With their budgets constrained, states began pitching projects to the federal government, but incoherently and without a national framework.
The Rudd Labor government went to the 2007 election promising to bring coherence and rationality to national infrastructure planning.
Independent advice was meant to fix things…
Rudd and the then infrastructure minister Anthony Albanese established Infrastructure Australia as an independent statutory authority to provide advice on national needs and project priorities. The idea of it being independent came from technocratic bodies such as the Reserve Bank and the Productivity Commission.
Infastructure Australia was diligent in its approach.
It undertook national infrastructure audits to determine key areas of need, prepared uniform criteria by which projects should be assessed, and compiled priority lists of projects assessed on merit against those criteria.
Final decisions on funding would rest with ministers, but they would have the benefit of Infrastructure Australia’s independent advice.
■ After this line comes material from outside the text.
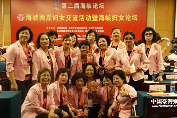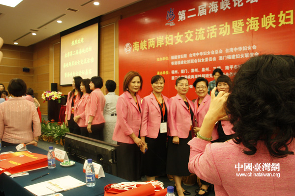 兩岸婦女代表們在大會背景板前選取各種角度合影留念。(中國臺灣網(wǎng) 李桂英 攝)

…but big projects are inherently political
But large infrastructure projects addressing public and business needs are unavoidably political.
As desirable as an independent body assessing projects on merit seems, retail politics militate strongly against delegating decisions to technocratic bodies.
But conversely, a minister who is seen to reject official independent advice is politically exposed. This gives both the agency and the minister strong imperatives to preserve each other’s modesty.
From the mid-2010s to the early 2020s, the Australian public service became increasingly politicised, resulting in hollowing out of expertise, loss of independence, and scandals such as robodebt[7].
‘High priority’ versus mere ‘priority’
Infrastructure Australia, while independent of the core public service in the same way as is the Reserve Bank, became subject to political pressure.
This is exemplified by the case of Victoria’s East-West Link toll road. The Abbott Commonwealth government committed to the project[8] ahead of the 2014 Victorian election, despite the project having a benefit-cost ratio of less than one[9], meaning that its benefits were less than its costs.
Under the pressure to resolve the contradiction, Infrastructure Australia created a “high priority[10]” list in addition to its existing “priority[11]” list.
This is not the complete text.